Pakistan: Take Death Penalty Off the Table

Resuming Executions for All Capital Crimes a Huge Step Backward
March 12, 2015

(New York) – Pakistan’s government should reverse its decision to lift its moratorium on the death penalty for all capital crimes and move toward abolition, Human Rights Watch said today. On March 10, 2015, government officials confirmed that the Ministry of Interior had instructed provincial governments to proceed with executions according to law.

“The Pakistani government’s ill-conceived decision to completely abandon its death penalty moratorium puts thousands of lives at risk,” said Phelim Kine, deputy Asia director. “Government approval of a potential nationwide execution spree is a knee-jerk reaction to a terrible crime rather than a considered response to legitimate security concerns.”

Pakistan has more than 8,000 prisoners on death row, one of the world’s largest populations of prisoners facing execution. Pakistani law mandates capital punishment for 28 offenses, including murder, rape, treason, and blasphemy. Those on death row are often from the most marginalized sections of society, like Aasia Bibi, a Christian woman sentenced to death by the Lahore High Court on charges of blasphemy.

The government’s action follows Prime Minister Nawaz Sharif’s December 17, 2014 decision to rescind a four-year unofficial moratorium on capital punishment for non-military personnel “in terrorism related cases.” This was in response to the December 16 attack by the Pakistani Taliban splinter group Tehreek-e-Taliban on a school in Peshawar in northwestern Pakistan that left at least 148 dead – almost all of them children. Sharif’s decision has led to more than 20 executions of people convicted of terrorism-related charges.

Human Rights Watch opposes the death penalty in all circumstances because of its inherent cruelty. Pakistan’s use of the death penalty is inconsistent with international human rights law, according to statements of United Nations human rights experts and various UN bodies. Human rights law upholds every human being’s “inherent right to life” and limits the death penalty to “the most serious crimes,” typically crimes resulting in death. Pakistan should join with the many countries already committed to the UN General Assembly’s December 18, 2007 resolution calling for a moratorium on executions and a move by UN member countries toward abolition of the death penalty.

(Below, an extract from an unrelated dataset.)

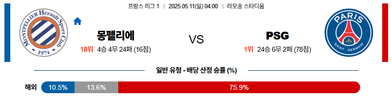 몽펠리에 대 PSG 리그앙 05월11일 맞대결 생중계, 스포츠중계, 스포츠분석
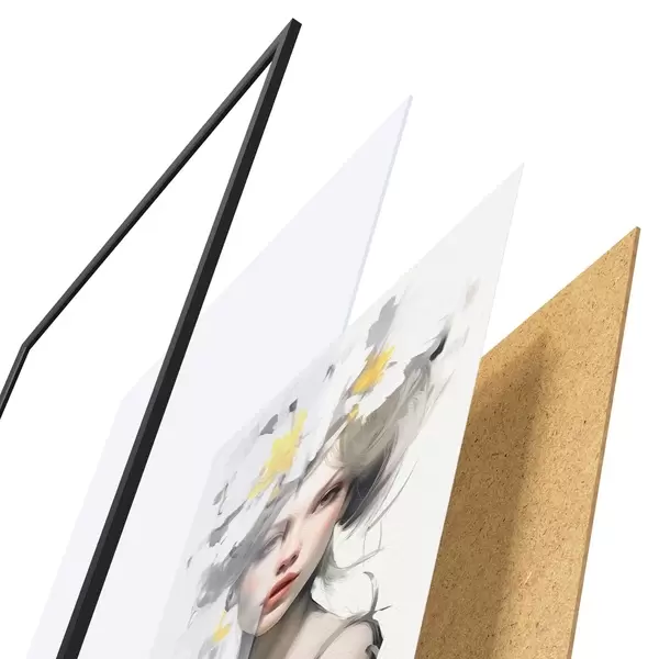 El póster consta de marco, plexiglás, imagen impresa y soporte de aglomerado. El póster puede colgarse inmediatamente en la pared gracias a los soportes de la parte posterior.

“Pakistan’s government should demonstrate wise leadership by recognizing the well-documented failure of the death penalty as a crime deterrent and joining the growing number of countries that have abolished capital punishment,” Kine said. “The government should treat the death penalty for what it is: a cruel and irrevocable punishment rather than a policy solution to complex crime and security problems.”